To enhance the mechanical strength, a shadow mask which is applied to the 19 inch color cathode ray tube for a display monitor is shaped to have a given curved surface, and the weight of an apertured portion after coating a blackened film on a surface thereof is set to be equal to or less than 48 g. Due to such a constitution, it becomes possible to prevent the deformation of the curved surface of the peripheral section of the shadow mask, which may be caused by dropping the color cathode ray tube or an impact to cause vibrations or the like.

Subsequently, FIGS. 9A and 9B are partial cross-sectional views of a panel according to another embodiment of the present invention, wherein FIG. 9A is a cross-sectional view in the diagonal direction of the screen and FIG. 9B is a cross-sectional view in the minor axis direction of the screen.

With respect to the brightness ratio between the periphery and the center of the screen, the periphery 114 along the minor axis hardly produces a problem. On the other hand, with respect to the strength of the shadow mask, the periphery along the minor axis shows the least tolerance. The strength of the shadow mask can be increased by providing a curvature. The curved surface of the shadow mask is strongly influenced by the curvature of the inner surface of the panel. From this point of view, it is preferable to select a small radius of curvature for the inner surface of the panel. That is, the panel thickness at the diagonal periphery of the screen is set to be smaller than the panel thickness at the center, and the panel thickness at the periphery of the screen along the minor axis is set to be larger than the panel thickness at the center, so that the brightness difference between the center and the periphery can be decreased while maintaining the required shadow mask strength. This embodiment is shown in FIGS. 9A and 9B.

Even when the panel thickness at the center and the panel thickness at the periphery are substantially equal, the brightness difference between the center and the periphery of the screen can be decreased compared to a conventional example. In this case, it is preferable to set the BM hole transmittivity at the periphery of the screen to be equal to or more than 70% of the BM hole transmittivity at the center of the screen, and it is more preferable to set the BM hole transmittivity at the periphery of the screen to be equal to or more than 90% of the BM hole transmittivity at the center of the screen. It is further preferable to set the BM hole transmittivity at the periphery to be larger than the BM hole transmittivity at the center. Even in such a case, it becomes possible to improve the brightness ratio compared to a conventional case in which the panel thickness becomes large at the diagonal periphery, and even when the hole transmittivity at the diagonal periphery is equal to or less than 110% of the hole transmittivity at the center, the brightness difference can be restricted to a practical brightness difference.

Provided that the hole transmittivity at the periphery of the screen is set to be equal to or less than 110% of the hole transmittivity at the center of the screen, the dot pitch at the periphery of the screen can be suppressed so as to be equal to or less than 110% of the dot pitch at the center of the screen, so that the deterioration of the resolution at the periphery of the screen is not so noticeable. In the same manner, provided that the hole transmittivity at the periphery of the screen is set to be equal to or less than 105%, it becomes possible to suppress the dot pitch at the periphery of the screen to equal to or less than 105% of the dot pitch at the center of the screen, so that the deterioration of the resolution at the periphery of the screen becomes hardly noticeable.

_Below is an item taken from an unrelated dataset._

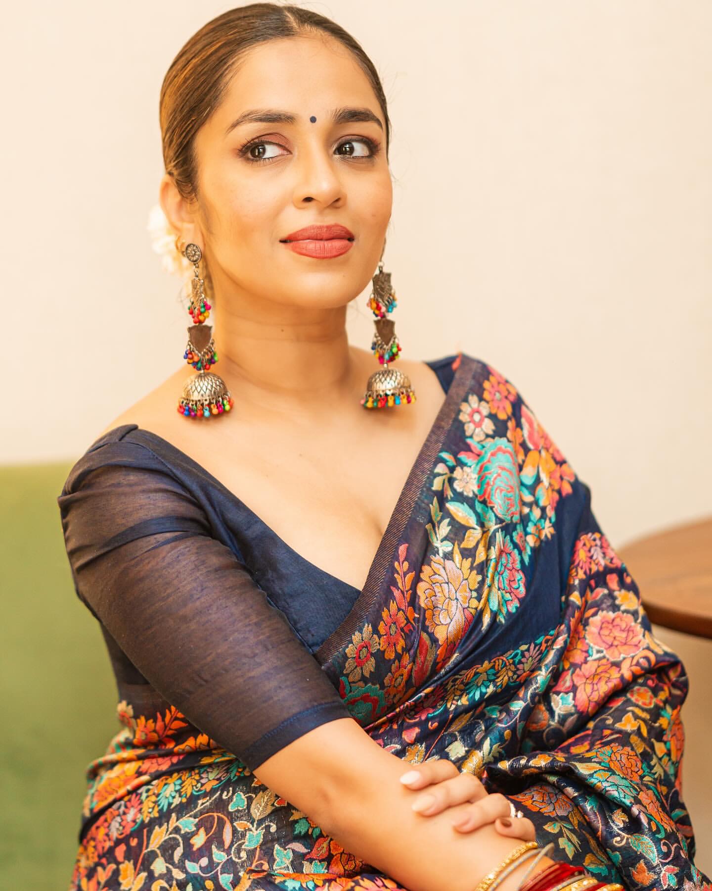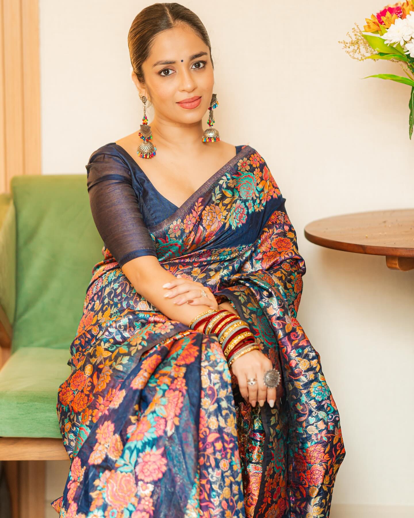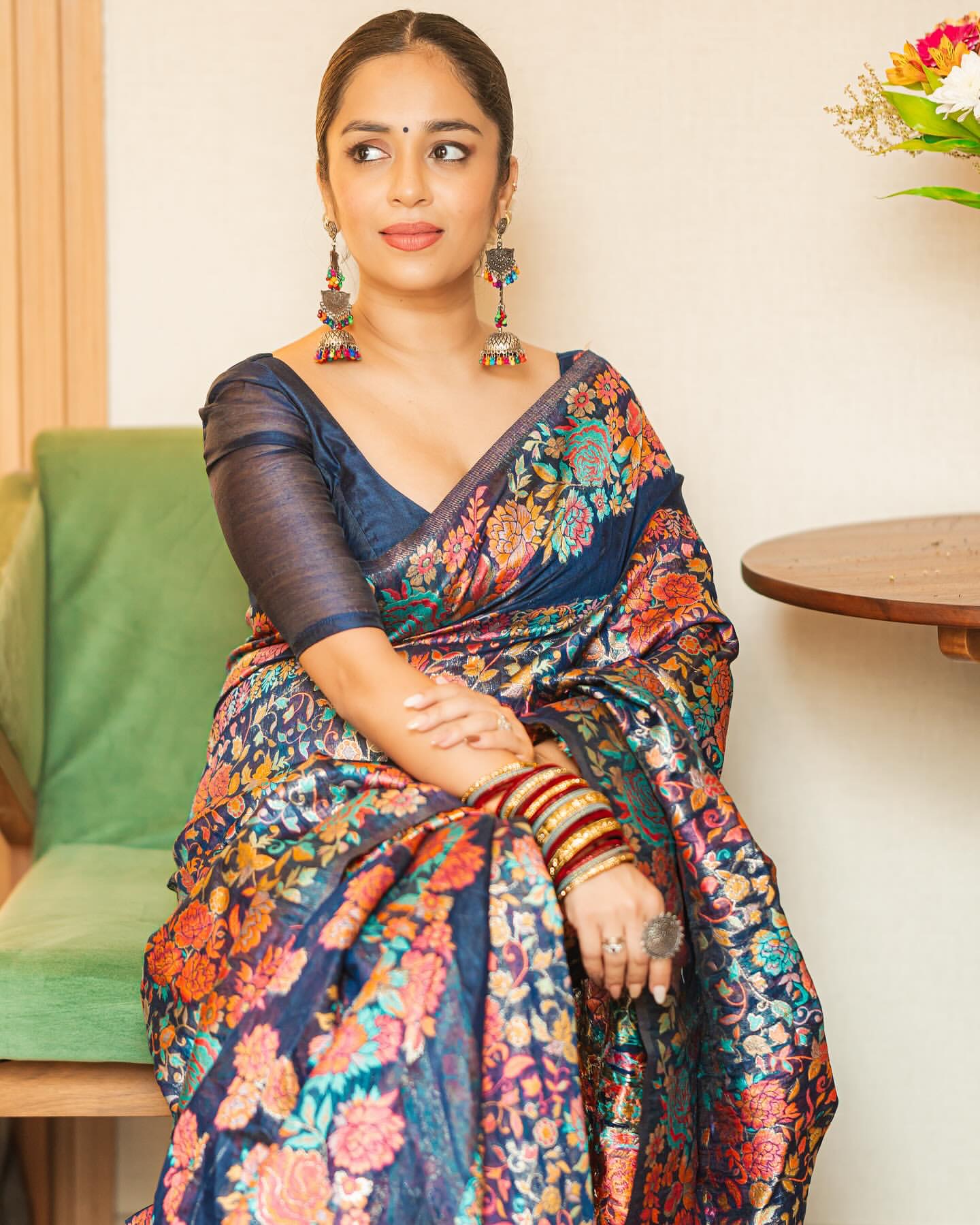 The blouse worn by the model might be for modelling purpose only. Check the image of the blouse piece to understand how the actual blouse piece looks like.

FIGS. 10A and 10B are cross-sectional views of a panel according to still another embodiment of the present invention, wherein FIG. 10A is a cross-sectional view along the diagonal direction of the screen and FIG. 10B is a cross-sectional view along the minor axis direction of the screen.

When the outer surface of the panel is flat, according to the present invention, the inner surface of the panel has a radius of curvature in the inverse direction with respect to the diagonal direction as shown in FIG. 10A. Even in such a case, by setting the radius of curvature Rid in the inverse direction in the diagonal direction and by setting the radius of curvature Riy in the normal direction with respect to the minor axis direction, the brightness ratio between the center and the diagonal periphery can be decreased while maintaining the strength of the shadow mask.

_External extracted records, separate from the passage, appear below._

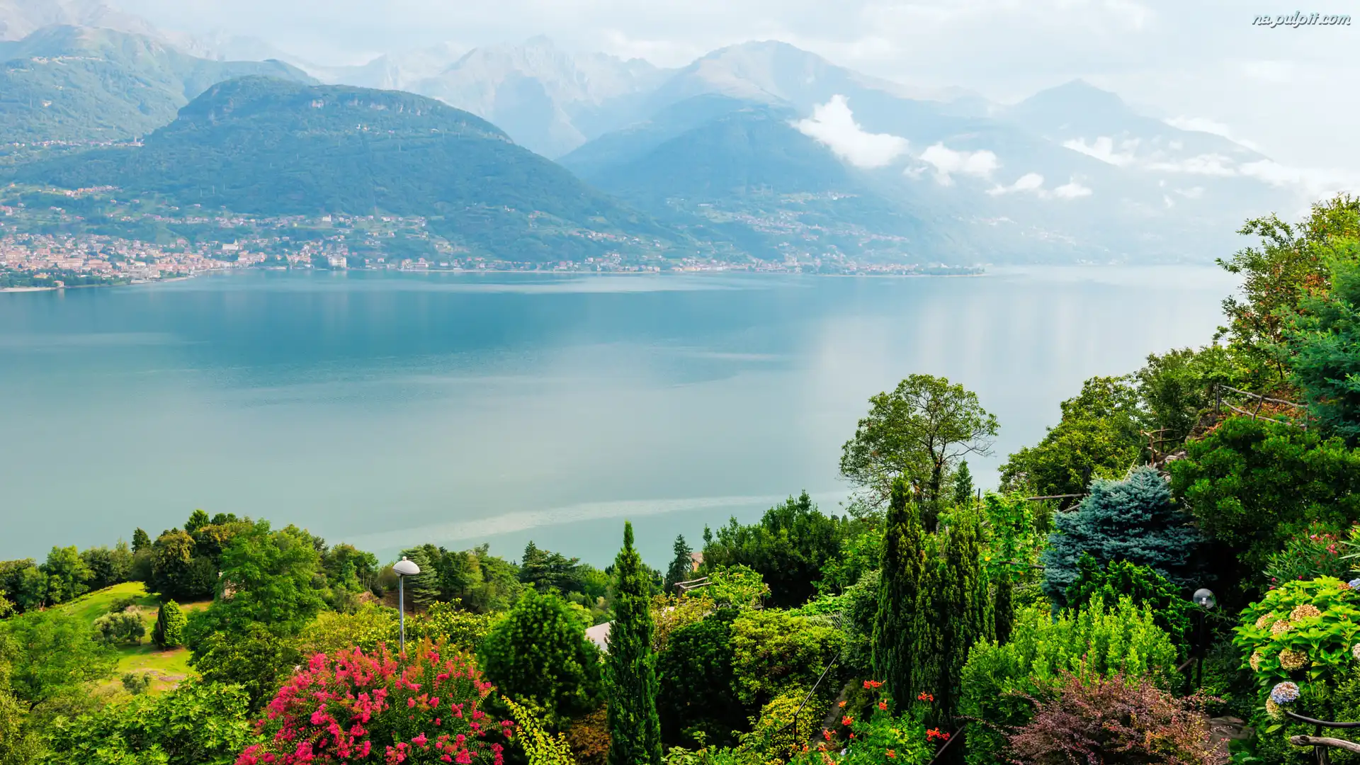 Włochy, Drzewa, Lombardia, Kwiaty, Ogród, Góry, Jezioro Como Na Pulpit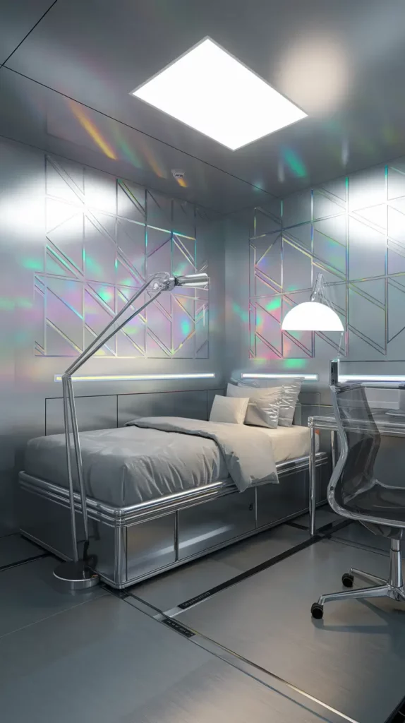 I would propose using silver bed frame, chrome desk lamps, and irresistible wall decorations like wall decal or peel and stick holographic back-splash behind the table. Add furniture with metallic legs (brushed steel or aluminum), and consider a clear acrylic chair with silver hardware. Look is accentuated by bedding of either steel gray or electric blue. Technological nerdiness is also seen in the form of an LED digital clock and silver wall hooks.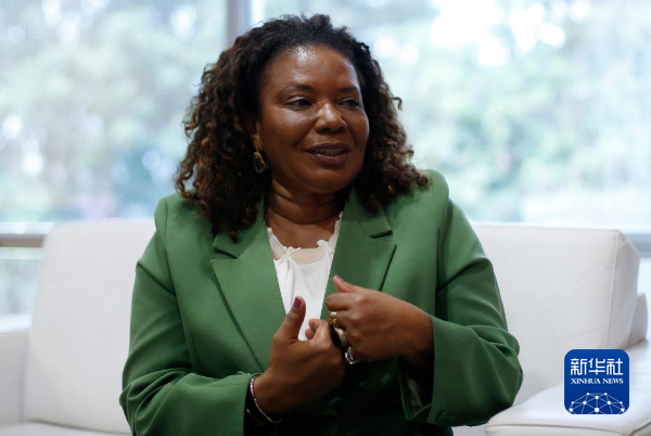4月10日,巴西文化部长梅内塞斯在巴西利亚接受记者专访。新华社发(卢西奥·塔沃拉 摄)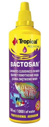 BACTOSAN usuwa zmętnienie wody po przekarmieniu ryb. Preparat przeznaczony do klarowania wody akwariowej, która uległa zmętnieniu w wyniku złego funkcjonowania filtracji lub na skutek przekarmienia ryb. Zmętnienie wody pojawia się również w nowo założonych zbiornikach z nieustaloną równowagą biologiczną. BACTOSAN szybko i skutecznie przywraca wodzie przejrzystość, co poprawia warunki życia ryb i walory estetyczne akwarium.

When the inner surface of the panel is flat, by giving a proper curvature to the outer surface of the panel, the brightness ratio between the center of the screen and the diagonal periphery of the screen can be decreased.

According to the present invention, the brightness difference between the center of the screen and the periphery of the screen can be reduced while maintaining the landing tolerance at the periphery of the screen.

Further, according to the present invention, the brightness difference between the center of the screen and the periphery of the screen can be reduced without lowering the mechanical strength of the shadow mask and the glass bulb.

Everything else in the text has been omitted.